Political stability is the only shadow. Some investors have expressed concern at the potential consequences of the death or overthrow of president Nursultan Nazarbayev, 67, who has ruled the country with an iron grip since 1989 and who has carefully avoided grooming a successor.

“Even if the president were to pass away, it would be a great loss, but the Kazakhstani economy is mature enough so there will be little immediate effect on capital markets,” says Mr Sauer. “This is one of the most stable emerging markets in the world. The growth outlook looks great. What is there to lose?”

From a Kazakhstani banking perspective, according to Magzhan Auezov, a managing director of KKB, IPOs are all about capital. Banking assets have nearly doubled every year for several years. “And even though our net income is reinvested back into the bank (we have almost never paid any dividends), it is not sufficient to create capital at the speed at which assets are growing. In fact, pretty much all banks are undercapitalised,” he says.

There are only two ways of getting capital: selling shares to a partner or doing an IPO. Foreign banks have been unwilling to meet the Kazakh’s asking prices for shares that do not lead to control. “Nobody wants to sell,” says Mr Auezov. “There are a number of years ahead of substantial growth prospects, so then why release control?”

KKB went to London this year because just two years ago “we were smaller, so it would have been harder to get the same level of interest, and it would have been far less advantageous. On top of that, we need the capital now much more than then,” says Mr Auezov.

With the IPO, which JPMorgan and UBS Investment Bank underwrote and for which they acted as joint global co-ordinators, “the bank will still be owned by the same shareholders”, says Mr Auezov. “But the volume of shares traded will increase substantially and we have doubled our Tier 1 capital, which means that for the next few years, we will have no problem with our capital.”

For Halyk Bank, which started out as the Kazakhstani subsidiary of the old Soviet Sberbank, the IPO represented a sea change in strategy. CEO Grigory Marchenko (who as governor of the central bank implemented key reforms of the banking and financial system) had announced within months of taking the Halyk job that the bank was actively seeking a European strategic partner and was willing to cede a blocking share – 25% plus one – in exchange for help in developing new products and bringing cutting-edge IT technology to manage its branch network. Halyk, the country’s third largest bank, has nearly 600 branches, by far the largest number of any bank in Kazakhstan.

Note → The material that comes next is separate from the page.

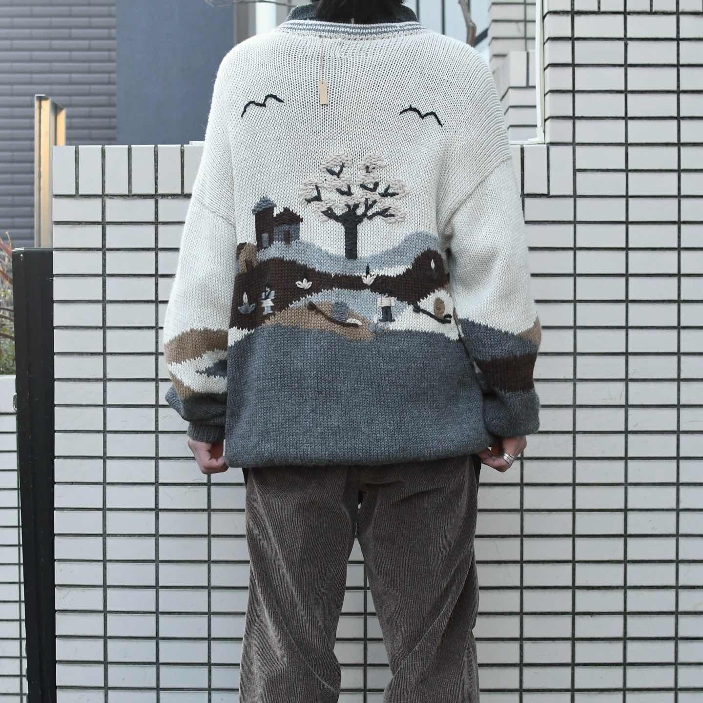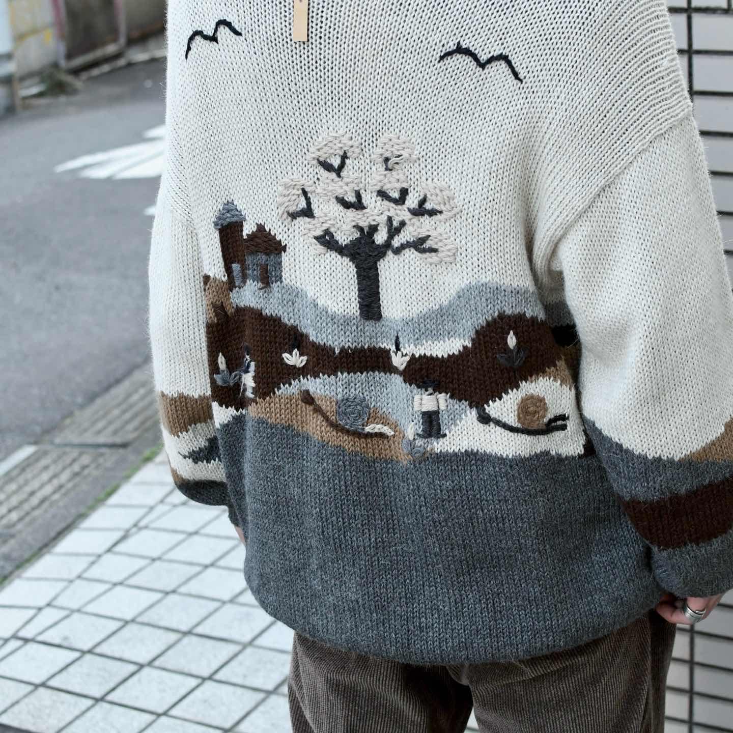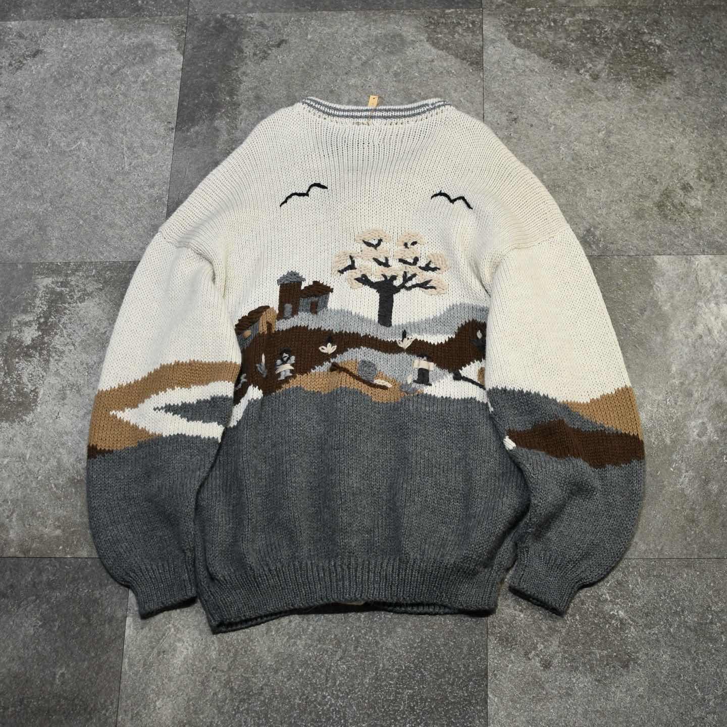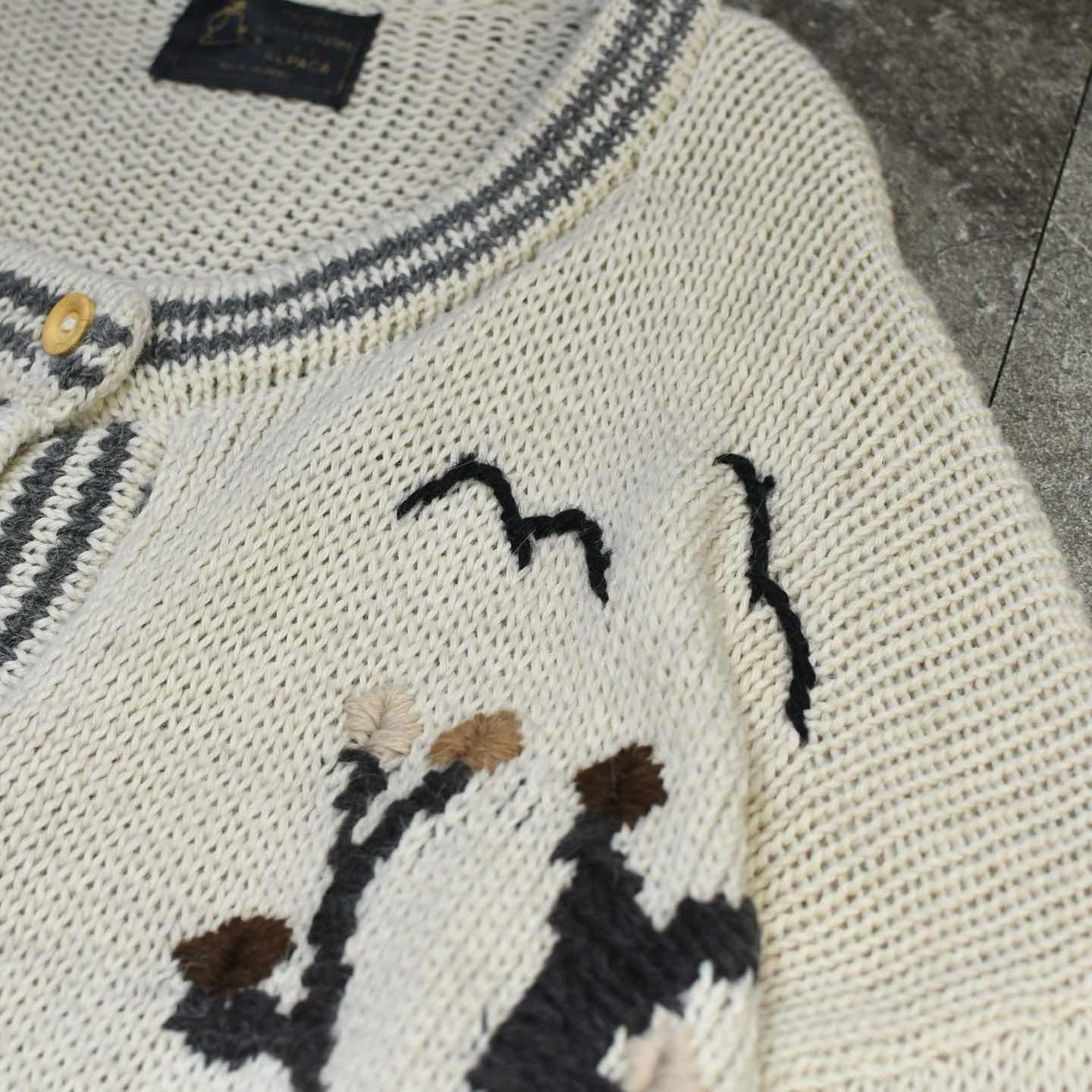 SIZE:- 着丈80cm 肩幅67cm 身幅62cm 袖丈62cm fabric/質感よりalpaca made in peru 着用画像 173cm/56kg この手の色んな意味で”温かみ”を感じるニットが 大好きです。 カラス?に太陽、そして老夫婦と巨大カタツムリ。 フルボタンだからこそニットとしてだけでなく、 カーディガンやブルゾン代わりとしても 活躍するアイテムです。 毛足の長いアルパカ素材で、ウールよりも 軽く暖かく、そして刺激が少ないのも◎ インナーにはシャツやニットポロを着て、 襟を出して、そんなスタイリングでどうぞ。 ※撮影状況により、実物と多少色が異なる場合が ございます。 ※古着を取り扱っているため、気づかない汚れや ほつれ等がある場合がございます。 ※サイズは着用感で選んでおり、 表記サイズは説明欄の最初に記載しております。 古着 オーバーサイズ old vintage ヴィンテージ used 80's 90's アメリカ古着 ユーロ古着 POLO RALPH LAUREN Eddie Bauer OLD GAP LANDS' END ランズエンド LLBean エルエルビーン オールドギャップ エディーバウアー ラルフローレン ブルックスブラザーズ Brooks Brothers アイボリー 生成り カーディガン ブルゾン などがお好きな方 #vintage #オーバーサイズ #old #used #90s #80s #古着 #ヴィンテージ #アメリカ古着 #ユーロ古着 #LLBean #エルエルビーン #EddieBauer #エディーバウアー #oldgap #オールドギャップ #LANDSEND #ランズエンド #NAUTICA #ノーティカ #ラルフローレン #POLORALPHLAUREN #アルパカニット #ニット #セーター #デザインニット #ニットブルゾン #ブルゾン #カーディガン

However, Halyk’s main shareholder and a son-in-law of Mr Nazarbayev, Timur Kulibayev, who bought the bank in 1990 and has also acted as the country’s unofficial energy chief, refused to give the buyer a path to control and set a price that no bank was willing to meet, leaving no other option than an IPO.

Positive wave

For André Kuusvek, head of the European Bank for Reconstruction and Development in Almaty, the IPO wave is positive. “It’s opening up capital, improving transparency, getting external investors on board who will ask questions and bring a different view on things,” he says. “Local shareholders will be educated in how to deal with other shareholders, which is important in a country where foreign minority shareholders have not always been treated well. And on a macro level, Kazakhstan will appear in the mental geography of investors and it will be getting a reputation boost.”

Top five banks in Kazakhstan: December 31, 2005 (tenge million)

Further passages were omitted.